I thought I would put the only two functions that encapsulate the
knowledge of how vp_index is realted to cpu_index, in a single patch.

I'm now thinking of open-coding the iteration over cpus here and
directly look for cpu whose hyperv_vp_index() matches.  Then that
knowledge will become encapsulated in a single place, and indeed, this
helper can go into another patch where it's used.

> also if  qemu_get_cpu() were called from each CPU init,
> it would incur O(N^2) complexity, could you do without it?

It isn't called on hot paths (ATM it's called only when SINT routes are
created, which is at most one per cpu).  I don't see a problem here.

> > @@ -105,7 +115,7 @@ HvSintRoute *kvm_hv_sint_route_create(uint32_t vcpu_id, uint32_t sint,
> >      }
> >      sint_route->gsi = gsi;
> >      sint_route->sint_ack_clb = sint_ack_clb;
> > -    sint_route->vcpu_id = vcpu_id;
> > +    sint_route->vcpu_id = vp_index;
>                    ^^^ - shouldn't it also be re-named?

Right, but vcpu_id on sint_route is replaced with X86CPU pointer in a
followup patch, so I wasn't sure if it was worth while to add more
churn...

> 
> maybe split all renaming into separate patch ...

Part of the renaming will disappear eventually in the followup patches,
so I'm sure it's a good idea...  Opinions?

> > +static int hyperv_init_vcpu(X86CPU *cpu)
> > +{
> > +    if (cpu->hyperv_vpindex && !is_hv_vpindex_settable) {
> > +        /*
> > +         * the kernel doesn't support setting vp_index; assert that its value
> > +         * is in sync
> > +         */
> > +        int ret;
> > +        struct {
> > +            struct kvm_msrs info;
> > +            struct kvm_msr_entry entries[1];
> > +        } msr_data = {
> > +            .info.nmsrs = 1,
> > +            .entries[0].index = HV_X64_MSR_VP_INDEX,
> > +        };
> > +
> > +        /*
> > +         * handling errors from vcpu init at hotplug time is impossible, so
> > +         * disallow cpu hotplug
> > +         */
> > +        MACHINE_GET_CLASS(current_machine)->hot_add_cpu = NULL;
> one shouldn't alter machine this way nor
> it would disable cpu hotplug, it would disable only cpu-add interface
> but device_add() would still work.

Understood, will rework as you suggest above.
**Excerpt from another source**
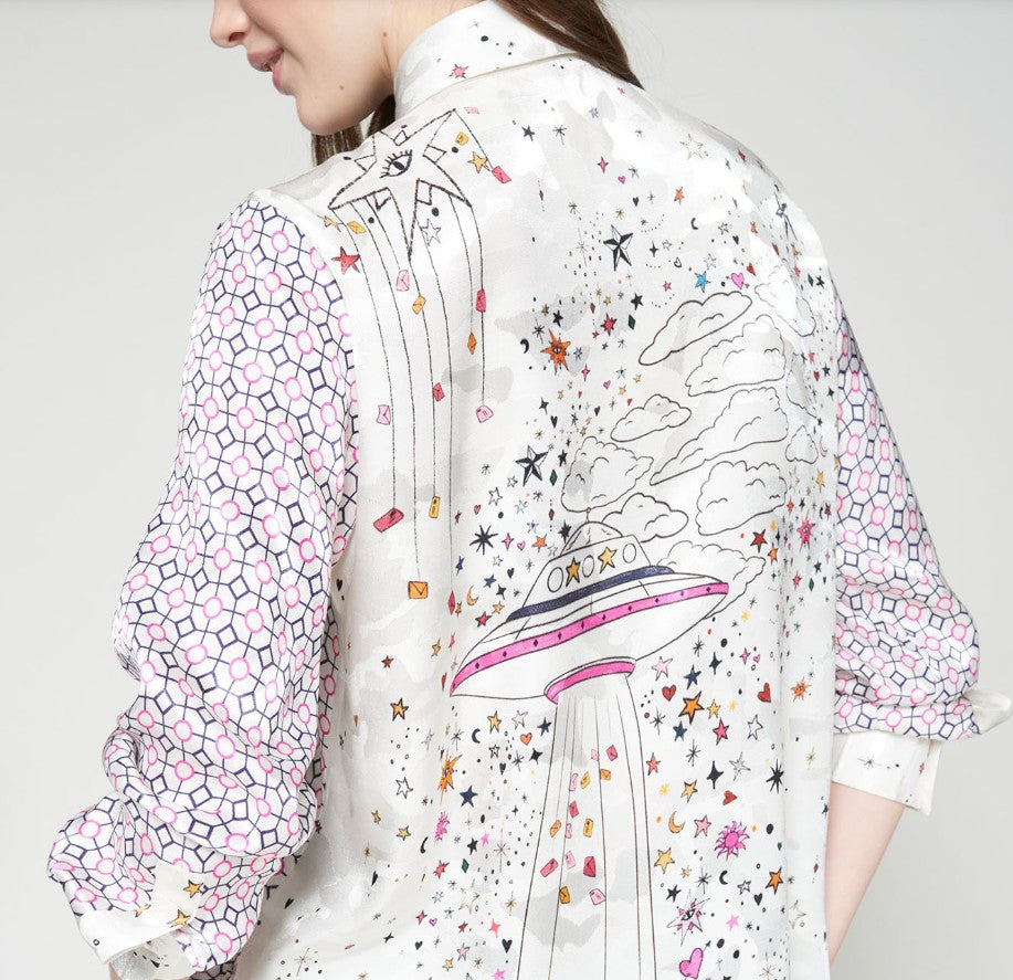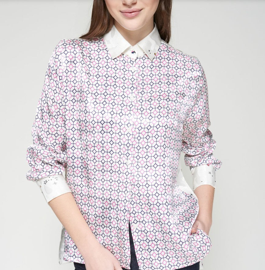 VILAGALLO'S GEOMETRICO JACQ SHIRT features pink circles & navy diamonds on a shiny, silky cream coloured background on the front & sleeves. On the back is a whimsical spaceship print. It has a man styled shirt shape including a pointed collar with stars, buttons opening down the front and a longer curved back hem. Made in Portugal of 62% rayon & 38% viscose. Machine washable.

> > +        ret = kvm_vcpu_ioctl(CPU(cpu), KVM_GET_MSRS, &msr_data);
> > +        if (ret < 0) {
> when this can fail?

Dunno, but not checking for errors doesn't look good.

> > +            return ret;
> > +        }
> > +        assert(ret == 1);
> > +
> > +        if (msr_data.entries[0].data != hyperv_vp_index(cpu)) {
> > +            fprintf(stderr, "kernel's vp_index != QEMU's vp_index\n");
> error_report()

OK (target/i386/kvm.c is already a mix of all possible styles of error
reporting, I must've followed a wrong one).

Thanks,
Roman.